The fight over the AT&T and Time Warner merger is also significant because it's an example of vertical integration. That's when two companies at different points in a supply chain merge. In this case, Time Warner produces media content, and AT&T controls the wires and networks that deliver that content to customers. Since the 1980s, regulators have allowed a lot more vertical integrations on the assumption that they're not as dangerous as more traditional horizontal mergers — two companies that provide the same products and services combining. But now the government is surprising everyone by cracking down on vertical mergers again.
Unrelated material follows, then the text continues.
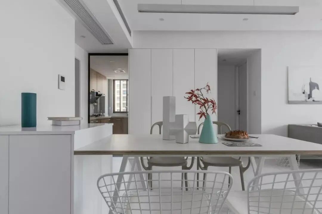 餐廳的桌椅在風(fēng)格上同樣沿用了灰色調(diào),看起來(lái)優(yōu)雅、內(nèi)斂,于一片靜謐中,營(yíng)造出溫馨舒適的用餐氛圍。上空的一字吊燈可是點(diǎn)睛之筆,賦予空間氣質(zhì)不俗的裝飾格調(diào)。

“One reason for more concern about vertical deals is that behavioral remedies are falling out of favor because they do not work well,” Steven Salop, a Georgetown University Law Center professor, explained to Reuters.
On the whole, Trump's policies have been the exact opposite of the anti-big-business populism he promised. So the aggressive antitrust enforcement looks a little strange. Delrahim himself said he didn't see the AT&T and Time Warner deal as "a major antitrust problem" as recently as 2016. There are swirling suspicions Trump wants to ax the deal just to punish CNN for negative coverage. Delrahim has been a longtime Trump loyalist: He was a vocal supporter, he helped with the transition team and with Neil Gosruch's nomionation to the Supreme Court, and he served as Trump's deputy White House counsel. Before that, Delrahim was a registered lobbyist for Comcast and AT&T, of all things.
Yet the turns towards structural remedies and more strict scrutiny of vertical mergers are both unquestionably good things. And the content of their cases against both mergers make sense on their internal merits.